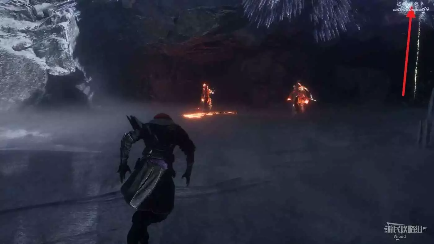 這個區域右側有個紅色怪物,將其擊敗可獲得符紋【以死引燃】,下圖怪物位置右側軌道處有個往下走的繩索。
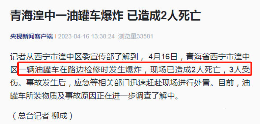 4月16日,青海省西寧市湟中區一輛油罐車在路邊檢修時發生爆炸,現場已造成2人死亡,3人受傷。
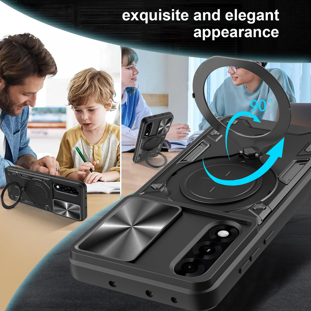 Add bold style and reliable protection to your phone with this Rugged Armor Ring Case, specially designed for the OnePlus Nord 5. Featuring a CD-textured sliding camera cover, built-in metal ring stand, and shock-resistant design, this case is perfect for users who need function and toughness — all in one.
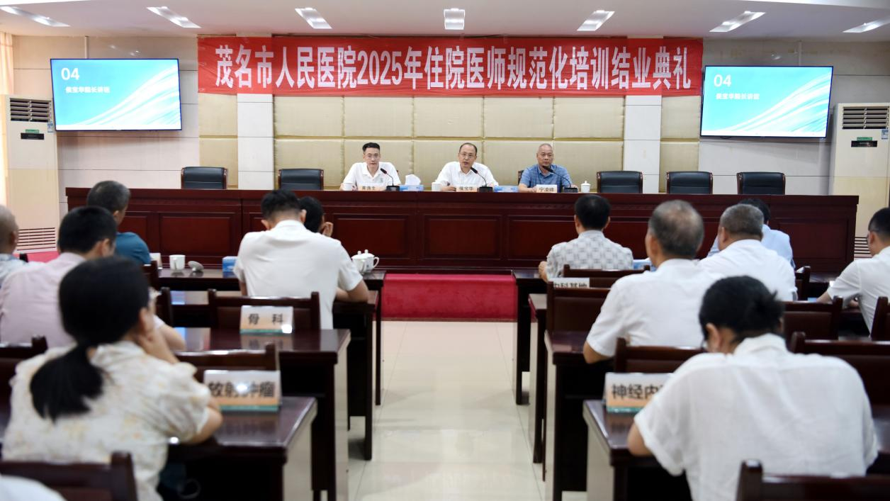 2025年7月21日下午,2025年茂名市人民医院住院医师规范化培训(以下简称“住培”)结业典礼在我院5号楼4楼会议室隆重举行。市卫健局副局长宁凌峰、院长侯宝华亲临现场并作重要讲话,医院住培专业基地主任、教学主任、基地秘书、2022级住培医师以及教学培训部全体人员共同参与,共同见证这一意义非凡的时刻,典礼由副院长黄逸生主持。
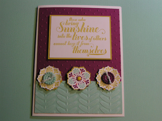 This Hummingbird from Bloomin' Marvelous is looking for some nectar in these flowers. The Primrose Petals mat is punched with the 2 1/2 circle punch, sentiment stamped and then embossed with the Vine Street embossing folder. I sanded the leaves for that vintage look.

+===+

» **Task item**: Every line from the start of the material through the line holding "4月16日,青海省西寧市湟中" must be returned exactly, and the pictures must not.

» **Written answer**:
 這個區域右側有個紅色怪物,將其擊敗可獲得符紋【以死引燃】,下圖怪物位置右側軌道處有個往下走的繩索。
 4月16日,青海省西寧市湟中區一輛油罐車在路邊檢修時發生爆炸,現場已造成2人死亡,3人受傷。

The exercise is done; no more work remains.